I have had anxiety all my life. Some days I let it cripple me because I think sometimes it is a unrealistic expectation to be “Okay” all the time. Even though places like Pinterest give you tips or give a expectation that if you follow all of their tips you will be okay all the time. I want to throw that idea out the window for today.
In 2014 I had my first panic attack. For anyone who has had panic attacks before you feel like your having a heart attack. Your palms feel like you just washed them because they are soaked with sweat. Your fingers and toes go numb because you hyperventilate. I had a panic attack because every day I kept telling myself that I needed to be okay that if I wasn’t okay every single day that I would let everyone down.
In my mind, I thought about how I needed to take care of my little brother, I needed to go to school every day and do all my homework plus extra credit. I needed to not show that I was constantly doubting myself. I didn’t want anyone to know that I get nervous meeting new people or starting new conversations. Or that when I try to meet new people or start new conversations I have a voice in my head telling me that the person I am talking to thinks I am awkward or that they have zero interest with what I am saying.
Today I woke up with a list of things I needed to do. One of those things was push through my anxiety. Every time I get frustrated because I don’t feel like I am a good writer or that people won’t like what I have to say on twitter or they won’t share my posts on facebook or that I won’t get those extra 5 pins I wanted. I have to keep trying to get to my “better” I have to keep telling myself that it is okay that I get scared or that I want to hide every time I try something new.
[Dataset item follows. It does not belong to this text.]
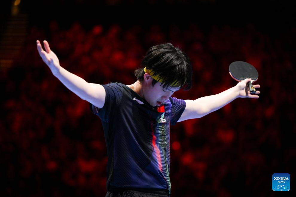 Wang Chuqin celebrates during the men's singles round of 16 match between Wang Chuqin of China and Felix Lebrun of France at the ITTF Men's and Women's World Cup 2026 in Macao, China, April 3, 2026. (Xinhua/Cheong Kam Ka)

If I don’t tell myself that I accept my anxiety that I accept the challenge of overcoming it. Every single day every time I write something new or take a chance to meet someone new. Then what is the point of Pinterest tips? Today I accept that I have a mental health issue and that I am going to struggle every day with the voices in my head telling me “I can’t do it”, or “you suck just hide from the world you will be comfortable again.”
Acceptance of my problem is the start of being comfortable with the problem. I accept my anxiety today. Maybe one day I will be okay with having it every day but today I accept it. It’s a start, right?